House of Assembly - Fifty-Second Parliament, First Session (52-1)
2010-05-12 Daily Xml

Contents

Ministerial Statement

GIFFORD, MR DUN

The Hon. M.D. RANN (Ramsay—Premier, Minister for Economic Development, Minister for Social Inclusion, Minister for the Arts, Minister for Sustainability and Climate Change) (15:21): I seek leave to make a ministerial statement.

Leave granted.

The Hon. M.D. RANN: Members on both sides of this house who have followed Tasting Australia's progress in Adelaide over the years will share my distress at the news of the tragic and untimely death on Sunday of United States good food campaigner Dun Gifford. Dun and his partner, Sara Baer-Sinnot, have been frequent visitors to Adelaide both for Tasting Australia and as convenors of the Food Summit.

For years this wonderful couple have been on the front line of the battle for healthier, tastier, more authentic food as the developed world confronts epidemics of obesity, including the scourge of childhood obesity, diabetes and other diet related diseases.

Dun Gifford, President of Oldways, the food issues think tank based in Boston, was a great and prominent advocate of the Mediterranean diet, consistently judged as the world's healthiest diet over many decades. As Dun said:

The main reason is that its principal fat is olive oil, which is not only delicious, but it is a monounsaturated fat. In this country, as we all know, butter was the principal fat for some generations, and butter is a saturated fat. The differences have to do with heart health.

The Italians, Greeks, Spanish, North Africans, in other words all Mediterraneans, had a much better heart health profile than Americans did during the 50s, 60s, 70s, 80s and 90s.

He went on to say:

Another reason is fish. Much more fish is eaten per capita in the Mediterranean countries than in the [United States]. This helps prevent obesity and hypertension.

Then Dun would talk about the importance of vegetables, where people in Mediterranean countries eat more vegetables per capita than Americans, which lowers their risk of colon cancer.

Dun Gifford engaged with people in the most positive, charming but convincing way to change food production and food consumption. He played a significant role in changing public opinion about food and in warning Americans of the dangers of junk food and fast food. He was once described in America as the 'guru of a new way of eating'. In fact, he was the champion of older, more authentic, more pleasurable ways of cooking and eating.

Dun was a great teacher. He brought science and good cuisine together. He loved coming to South Australia. He loved our big red wines and he loved our quality regional produce. He celebrated food and wine with character made by great characters. He also loved Adelaide's restaurants. Only last week Sasha and I took Dun and Sara to Auge, here in our city. I remember how much they enjoyed Enzo's and the Star of Greece a few years back.
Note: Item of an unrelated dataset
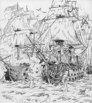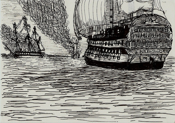 If I may offer some critique...this is very good especially the sails and rigging, however the hulls of the ships, mainly the ship o' the line up front, could do with a bit more work

He was not just a food activist; he was part of American political history. As a teenager he survived the sinking of the Andrea Doria in the Atlantic. After graduating from Harvard, Dun served in the US Navy, and then, after working in Washington DC, became a key adviser in the presidential campaign of United States Senator Robert Kennedy. Dun accompanied Bobby Kennedy during the June 1968 primary in California. When the results came in that Kennedy had beaten Eugene McCarthy and was therefore in a good position to win the nomination for president at the Democratic Convention in Chicago, Dun was with him in the ballroom of the Ambassador Hotel in Los Angeles. He was also walking behind Senator Kennedy in the kitchen of that same hotel when he was shot and fatally wounded. Dun helped to subdue Kennedy's assassin, Sirhan Sirhan, and accompanied Kennedy and his wife, Ethel, in an ambulance to the hospital.

Dun had a long involvement and friendship with the Kennedy family and served as a legal assistant to Senator Edward Kennedy, but tragedy again struck and Dun, who was a resident of Nantucket Island in Massachusetts, had to identify the drowned body of Mary Jo Kopechne.

After leaving full-time politics, he was involved in a number of businesses, including setting up a cookie and muffin shop in Boston's Quincy Market, with a returned Vietnam hero, John Kerry, himself later to become a US Senator for Massachusetts and the Democratic Party's nominee for President of the United States. He owned and opened restaurants (including the famous Harvest Restaurant), was a great sailor and fisherman and served as chief executive of the Nantucket Electric Company.

I first met Dun Gifford in Adelaide in the year 2000 and later met him in Boston and many times during his visits to our state. I, like many others of his South Australian friends, found this gentle giant from Nantucket to be a lighthouse of decency and quiet wisdom. He had many stories to tell but was also a great listener—a rare combination. He inspired people to do good things and to make a difference. When we banned junk food in schools and outlawed genetically modified crops in South Australia, I was thinking of Dun Gifford. He was an activist in life who was deeply committed to public service and was a good and loyal friend.

On behalf of the government and this parliament, I would like to extend our deepest sympathy to Dun's beloved Sarah and his family and to his colleagues at Oldways and Tasting Australia.